Each entry below must come back exactly as written, without its pictures.

_ _ _ _ _

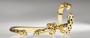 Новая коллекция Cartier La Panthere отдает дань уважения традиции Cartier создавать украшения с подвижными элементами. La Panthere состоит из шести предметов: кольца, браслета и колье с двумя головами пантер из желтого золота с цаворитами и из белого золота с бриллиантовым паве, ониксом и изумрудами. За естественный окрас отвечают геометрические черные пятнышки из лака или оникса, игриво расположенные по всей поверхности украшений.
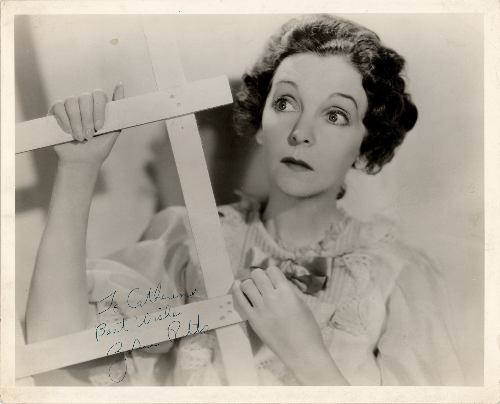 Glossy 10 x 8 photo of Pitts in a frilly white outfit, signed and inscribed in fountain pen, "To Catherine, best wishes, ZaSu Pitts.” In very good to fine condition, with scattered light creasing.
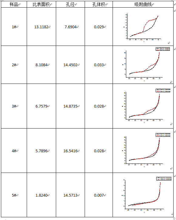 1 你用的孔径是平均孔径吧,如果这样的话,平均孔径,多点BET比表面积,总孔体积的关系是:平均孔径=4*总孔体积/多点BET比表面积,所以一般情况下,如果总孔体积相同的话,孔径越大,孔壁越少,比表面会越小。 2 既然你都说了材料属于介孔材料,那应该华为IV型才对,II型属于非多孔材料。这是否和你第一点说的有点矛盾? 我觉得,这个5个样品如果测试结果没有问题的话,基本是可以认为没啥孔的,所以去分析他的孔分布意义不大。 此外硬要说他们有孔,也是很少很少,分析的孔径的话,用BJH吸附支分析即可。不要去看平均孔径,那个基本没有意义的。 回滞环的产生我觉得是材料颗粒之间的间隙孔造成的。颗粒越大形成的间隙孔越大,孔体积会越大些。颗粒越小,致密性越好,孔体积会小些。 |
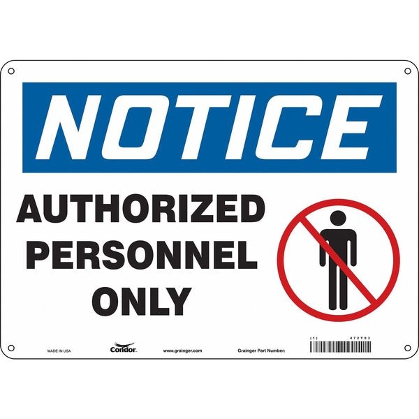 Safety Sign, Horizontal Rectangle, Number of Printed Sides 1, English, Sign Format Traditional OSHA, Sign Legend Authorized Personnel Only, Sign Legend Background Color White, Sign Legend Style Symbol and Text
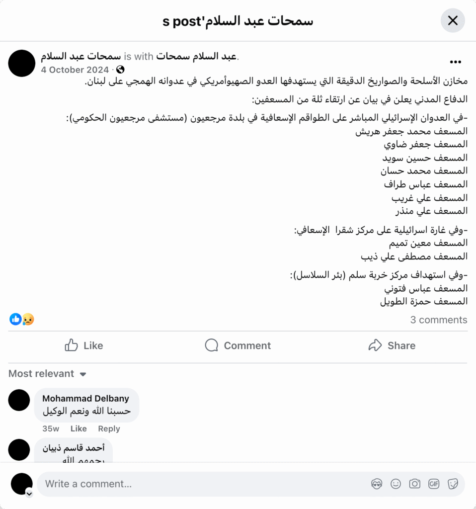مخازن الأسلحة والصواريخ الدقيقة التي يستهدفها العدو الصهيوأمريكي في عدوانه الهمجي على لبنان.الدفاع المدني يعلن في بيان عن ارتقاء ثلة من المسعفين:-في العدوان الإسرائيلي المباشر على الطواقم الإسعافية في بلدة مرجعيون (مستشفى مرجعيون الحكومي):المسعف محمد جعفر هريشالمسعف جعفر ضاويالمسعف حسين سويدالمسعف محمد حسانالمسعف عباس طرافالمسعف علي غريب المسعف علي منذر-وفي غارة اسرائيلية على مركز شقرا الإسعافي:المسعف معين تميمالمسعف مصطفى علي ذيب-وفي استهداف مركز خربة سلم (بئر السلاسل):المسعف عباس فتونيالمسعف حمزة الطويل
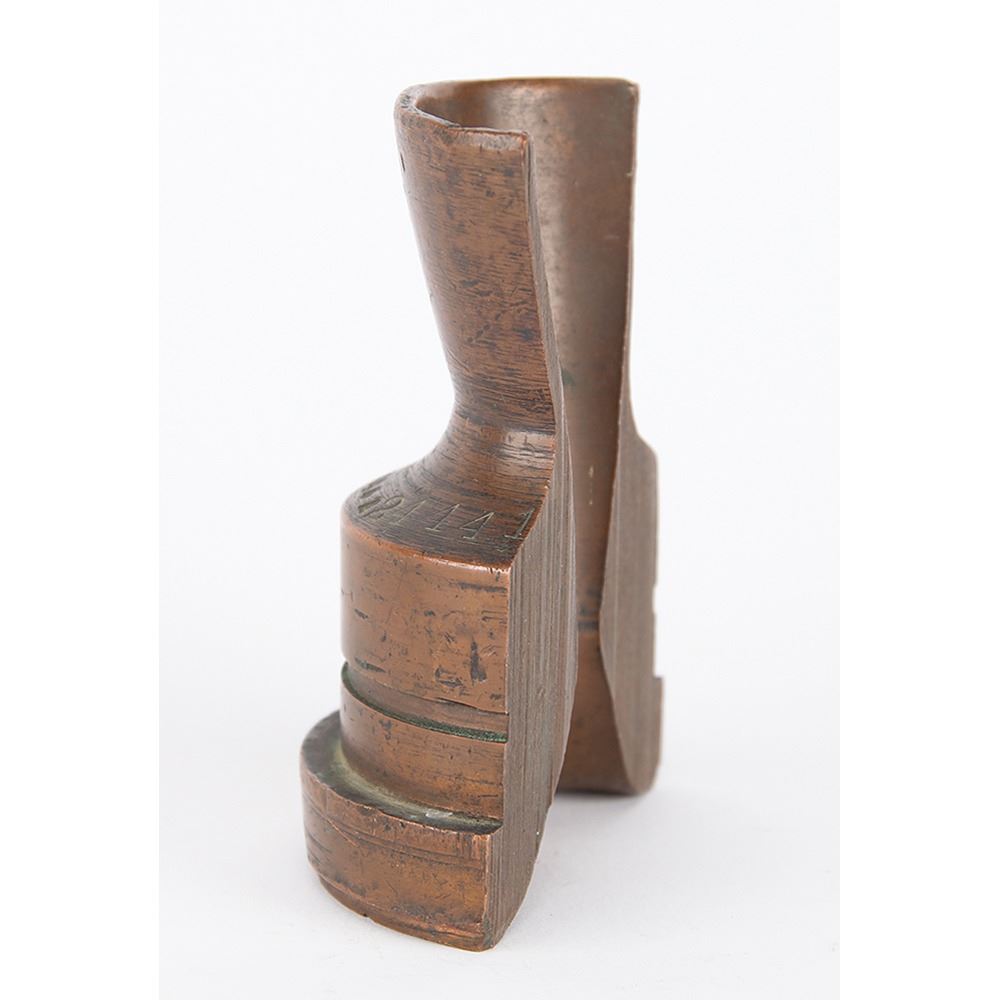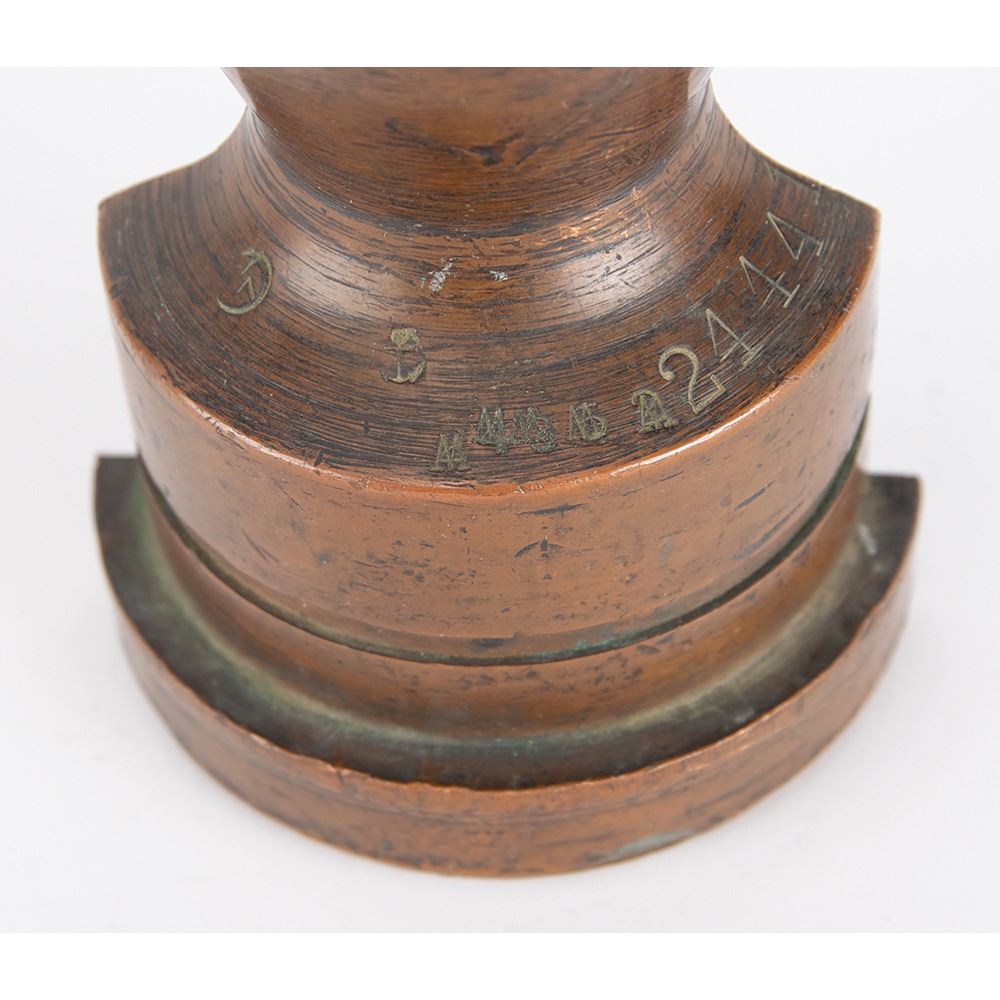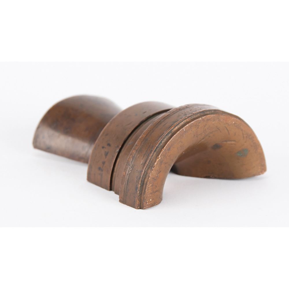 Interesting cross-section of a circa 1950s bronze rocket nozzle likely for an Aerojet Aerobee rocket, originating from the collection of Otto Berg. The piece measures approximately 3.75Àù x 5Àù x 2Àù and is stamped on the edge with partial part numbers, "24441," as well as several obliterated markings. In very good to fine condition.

_ _ _ _ _

Answer for this exercise =
 Новая коллекция Cartier La Panthere отдает дань уважения традиции Cartier создавать украшения с подвижными элементами. La Panthere состоит из шести предметов: кольца, браслета и колье с двумя головами пантер из желтого золота с цаворитами и из белого золота с бриллиантовым паве, ониксом и изумрудами. За естественный окрас отвечают геометрические черные пятнышки из лака или оникса, игриво расположенные по всей поверхности украшений.
 Glossy 10 x 8 photo of Pitts in a frilly white outfit, signed and inscribed in fountain pen, "To Catherine, best wishes, ZaSu Pitts.” In very good to fine condition, with scattered light creasing.
 1 你用的孔径是平均孔径吧,如果这样的话,平均孔径,多点BET比表面积,总孔体积的关系是:平均孔径=4*总孔体积/多点BET比表面积,所以一般情况下,如果总孔体积相同的话,孔径越大,孔壁越少,比表面会越小。 2 既然你都说了材料属于介孔材料,那应该华为IV型才对,II型属于非多孔材料。这是否和你第一点说的有点矛盾? 我觉得,这个5个样品如果测试结果没有问题的话,基本是可以认为没啥孔的,所以去分析他的孔分布意义不大。 此外硬要说他们有孔,也是很少很少,分析的孔径的话,用BJH吸附支分析即可。不要去看平均孔径,那个基本没有意义的。 回滞环的产生我觉得是材料颗粒之间的间隙孔造成的。颗粒越大形成的间隙孔越大,孔体积会越大些。颗粒越小,致密性越好,孔体积会小些。 |
 Safety Sign, Horizontal Rectangle, Number of Printed Sides 1, English, Sign Format Traditional OSHA, Sign Legend Authorized Personnel Only, Sign Legend Background Color White, Sign Legend Style Symbol and Text
مخازن الأسلحة والصواريخ الدقيقة التي يستهدفها العدو الصهيوأمريكي في عدوانه الهمجي على لبنان.الدفاع المدني يعلن في بيان عن ارتقاء ثلة من المسعفين:-في العدوان الإسرائيلي المباشر على الطواقم الإسعافية في بلدة مرجعيون (مستشفى مرجعيون الحكومي):المسعف محمد جعفر هريشالمسعف جعفر ضاويالمسعف حسين سويدالمسعف محمد حسانالمسعف عباس طرافالمسعف علي غريب المسعف علي منذر-وفي غارة اسرائيلية على مركز شقرا الإسعافي:المسعف معين تميمالمسعف مصطفى علي ذيب-وفي استهداف مركز خربة سلم (بئر السلاسل):المسعف عباس فتونيالمسعف حمزة الطويل
 Interesting cross-section of a circa 1950s bronze rocket nozzle likely for an Aerojet Aerobee rocket, originating from the collection of Otto Berg. The piece measures approximately 3.75Àù x 5Àù x 2Àù and is stamped on the edge with partial part numbers, "24441," as well as several obliterated markings. In very good to fine condition.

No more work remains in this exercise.